Применение указанных критериев в древнерусской литературе показывает. Прежде всего, высокую степень ее гомографичнсоти. Тексты, ставящие адресата лицом к лицу не с человеком, а с реалиями природы, составляют ничтожную часть письменного наследия Руси (в отличие от современной письменности). Более того, огромную долю этой письменности составляют высказывания биографического характера — не только жития, но различные повести, вся гомолетическая и учительная литература. Летописи также тяготеют к точке зрения на историю как на цепь последовательно сменяющихся биографий.

На уровне стратегии высказывания также обнаруживается принципиальное отличие русской литературы средневековья от литературы Нового времени. Древнерусская литература знает очень мало произведений со средней стратегией. Образцом такой литературы может служить «Слово о полку Игореве» или «Повесть о Дракуле», стратегия которых не сводима к утверждению одной идеи, к определенному ответу на вопрос. В этих сочинениях есть многозначность, не исчерпываемая до конца анализом — и это роднит их с лучшими сочинениями новой литературы и привлекает к ним сегодня повышенное внимание. Для средневековой литературы наиболее характерна стратегия узкая, дающая адресату идеал, приказ, строго определенное направление мысли и реакции (жития, гомолетическая литература). Даже произведения с широкой стратегией (летописи) тяготеют к стратегии узкой, вбирая в себя высказывания именно этого плана. Важно и то, что узкая стратегия высказывания не только преобладала количественно: она занимала господствующее положение в общении и качественно, считаясь наиболее ценной для духовного роста. Этим средневековая литература радикально отличается от современной. Конечно, и в беллетристике нашей эпохи встречаются произведения, использующие художественные средства в целях сугубо пропагандистских: даже агитационных (т.е. с узкой стратегией). Однако, именно произведения со средней стратегией, литература больших проблем, вечно неразрешимых вопросов венчает иерархию современной беллетристики. (Хотя количественно такие произведения составляют часть весьма незначительную). Замечу, что такая характеристика средневековой литературы отнюдь не может умалять ее в глазах исследователя, и просто современника. В иной эпохе интересно не только то, что близко и понятно нам, но и то, что делает ее иной, неповторимой, частью нашего исторического опыта. Если встречающиеся в средневековой литературе произведения со средней стратегией составляют объект изучения исторического литературоведения, то основной массив наследия прошлого служит средством изучения исторической психологии.
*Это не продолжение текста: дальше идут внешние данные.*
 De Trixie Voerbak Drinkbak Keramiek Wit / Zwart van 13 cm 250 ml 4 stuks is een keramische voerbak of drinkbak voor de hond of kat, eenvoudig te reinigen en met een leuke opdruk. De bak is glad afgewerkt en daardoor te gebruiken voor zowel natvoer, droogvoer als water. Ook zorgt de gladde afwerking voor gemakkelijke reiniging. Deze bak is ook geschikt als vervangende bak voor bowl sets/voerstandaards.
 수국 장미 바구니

В этой связи следует особо остановиться на таком виде средневековой литературы как «жития». Выделение их как жанра по формальному признаку, как произведения о человеке, канонизированного церковью — невозможно уже потому, что большинство житий написаны до канонизации, а многие герои их так и не вошли в святцы. Неудовлетворительно и определение житий как произведения, автор которого =хотел описать («прославить») своего героя в качестве святого — во-первых, потому что многие первоначальные редакции житий отнюдь не имели такой цели, и были, скорее, произведениями историко-биографическими, во-вторых, потому что многие исторические биографии средневековья тяготели к прославлению своего героя. В Степенной книге очень наглядно воплотилась неопределенность водораздела между собственно житием и светской биографией. Наконец, даже среди житий, которые явно не могут быть отнесены к иным жанрам, несомненно, огромное разнообразие форм изложения, стиля — всего того, что именуют «житийным каноном». Фактически существует несколько таких «канонов», но даже считающийся своеобразным эталоном канон житий, существовавший в XVI в., остается почти неизученным.
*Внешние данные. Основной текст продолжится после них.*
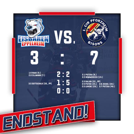 Ein anderes Drittel sah man nach der Pause. Das Spiel wurde etwas ausgeglichener, wobei die Dominanz weiterhin bei den Bisons liegen sollte. Doch diese konnten dieses Drittel für die Vorentscheidung nutzen, bis zur Spielhälfte schraubten die Bisons das Ergebnis auf 2:5 hoch, ehe Kapitän Gottschalk in Überzahl Kosmetik gelang (30.). Mehr sollte dies am Ende nicht sein, denn ein Doppelschlag zum Drittelende brachte mit dem 3:7 bereits eine verdiente Führung für Pforzheim.

Более, видимо, целесообразно, говорить о житийной литературе не как о жанре, а как о жанровой форме, противоположной исторической биографии (именно исторической, а не светской, поскольку при господстве теократического мировоззрения рискованно относить какой-либо текст к чисто «светскому» жанру). Основным признаком этой жанровой формы считать максимально узкую стратегию сочинения, направленную на изображение жизни героя как идеального осуществления норм церковной идеологии. Это отличие не содержательное (героем жития может быть и лицо не духовного сана, а исторической биографии — и клирик), а, скорее, стилистическое, понимая стиль как совокупность всех методов, которыми пользуется писатель. Это определение не исключает возможности существования произведений, стоящих на рубеже между житием и исторической или художественной биографией — поскольку автор жития может не слишком четко и уверенно проводить свою основную идею. Кроме того, не следует забывать, что сама идеология христианства не есть нечто неизменное, данное раз и навсегда. Создатель житийной биографии может представить своего героя носителем такого идеала, который либо вообще отсутствовал в церковном мировоззрении ранее, либо занимал второстепенное место. Однако сам средневековый автор не только не подчеркивал такую новизну своего сочинения, но стремился замаскировать ее апелляцией к древним авторитетам. Так, например, поступил Д. Ю. Осорьин, который в биографии своей матери («Повесть о Юлиании Лазаревской») выдвинул идею «спасения в миру». Такое произведение, оставаясь целиком в пределах узкой стратегии житийного жанра, несет — самим фактом новизны своей идеи, новизны, заметной лишь в сопоставлении с литературным процессом в целом — функцию произведения со средней стратегией, ставя перед читателем определенную проблему. Однако ответ на эту проблему дается сразу же и безапелляционно, что все же отличает ту же «Повесть о Юлиани Лазаревской» и от исторической, и от художественной биографии.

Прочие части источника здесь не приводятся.